Client Library Installation and Configuration
In order to use Arraylake from your data science environment, you have to install the Python client library.
Installing the Client Package​
The Arraylake Client supports Python versions 3.10 - 3.12.
To install the minimal version of the client, run
pip install "arraylake[icechunk]"
in your Python environment of choice.
There are several optional extras you can install.
- The
virtual
extra includes the ability to create virtual datasets - The
xarray
extra includes a compatible version of Xarray and its dependencies - The
widgets
extra includes integrations with Ipywidgets (e.g.repo.tree()
)
Most users will probably want both, which can be installed via
pip install "arraylake[icechunk,xarray,virtual]"

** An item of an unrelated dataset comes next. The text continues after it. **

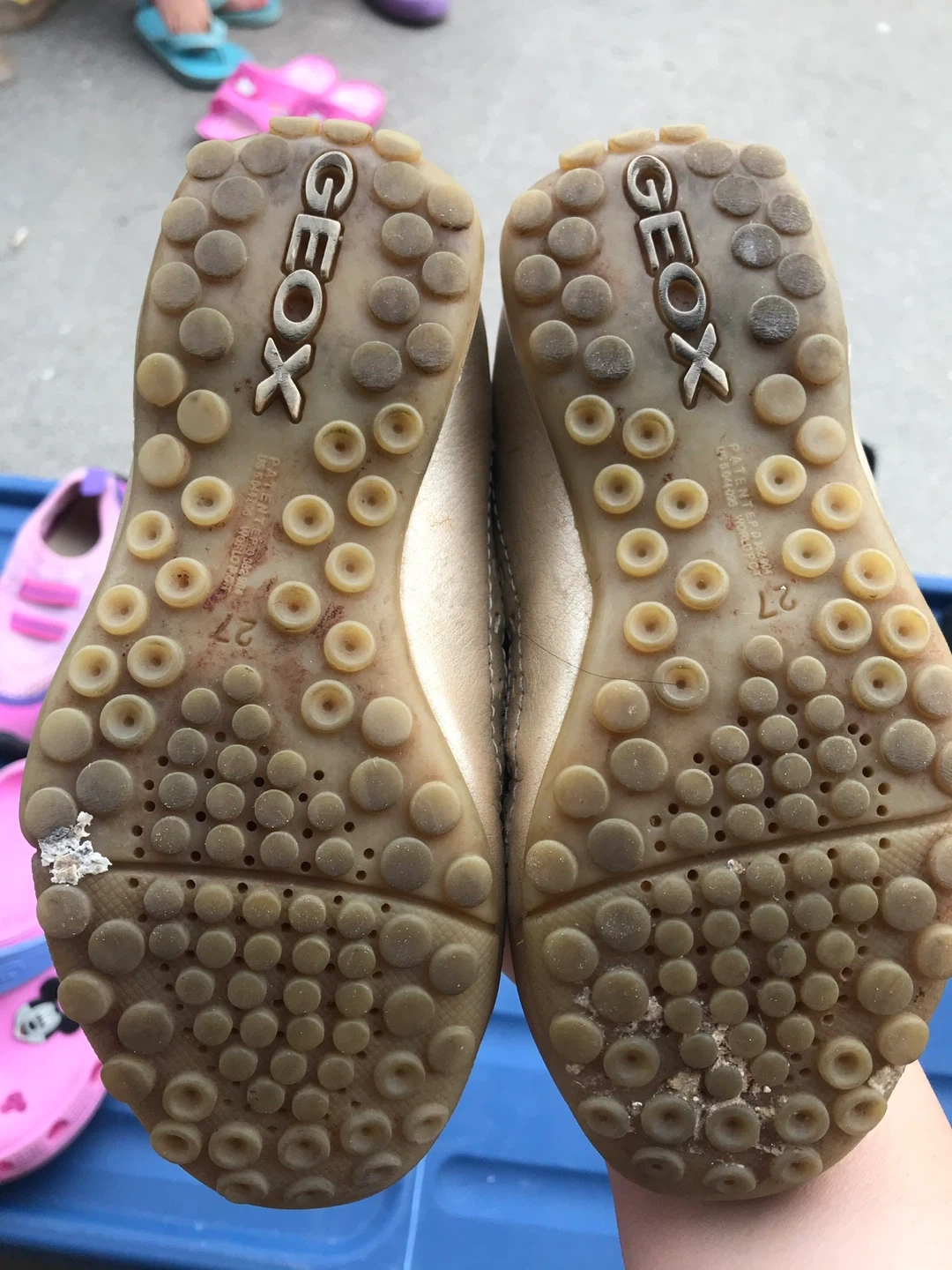 These are Geox Respira kids shoes in size 27. They have a beige and light blue design with criss-cross straps. The soles feature Geox's signature breathable technology.

The client can also be installed via Conda:
conda install --channel conda-forge arraylake icechunk
Dependencies​
The table below outlines Arraylake's core and optional dependencies.
Arraylake Dependencies
Package | Versions | Notes |
---|---|---|
python | >=3.10,<3.13 | |
aiobotocore[boto3] | >=1.33.2,<2.0 | |
aioitertools | ^0.11.0 | |
boto3 | >=2.10.0,<3.0 | |
botocore | >=1.33.2,<2.0 | |
cachetools | >=5.3.2,<6.0 | |
cfgrib | ~=0.9 | Optional, required for virtual datasets (GRIB) |
click | ~=8.1 | |
donfig | >=0.7,<1.0 | |
eccodes | >=2.37 | Optional, required for virtual datasets (GRIB) |
fsspec | >=2024.2.0 | |
gcsfs | >=2024.2.0 | |
h5py | Optional, required for virtual datasets (NetCDF4, HDF5) | |
httpx | >=0.23.0,<0.28 | |
humanize | ~4.9.0 | |
imagecodecs | Optional, required for virtual datasets (NetCDF, HDF5, TIFF, and GRIB) | |
ipytree | ~=0.2.2 | Optional, required for Tree widget |
kerchunk | ~=0.1,!=0.2.1 | Optional, required for virtual datasets (NetCDF, HDF5, TIFF, and GRIB) |
numcodecs | >=0.13.1 | |
numpy | ^1.23 | |
packaging | >=0.23 | |
pydantic[email] | >=2.3,<2.10 | |
python-dateutil | ^2.8 | |
rich | >=12.6,<14.0 | |
ruamel-yaml | ~=~0.17 | |
s3fs | >=2024.02.0 | |
structlog | ^24.1.0 | |
sqlitedict | ~=2.1 | |
tifffile | >=2023.2.27 | Optional, required for virtual datasets (TIFF) |
typer | >=0.6.1,<1.0 | |
xarray | >=v2022.12.0,<= 2024.09.0 | Optional, required for Xarray integration |
zarr | >=2.18,<3 | |
uvloop | >=0.17,<1.0 | Optional, POSIX only |
Client Configuration​
Client-side configuration options are used to customize client behavior. Most users won't have to modify these settings.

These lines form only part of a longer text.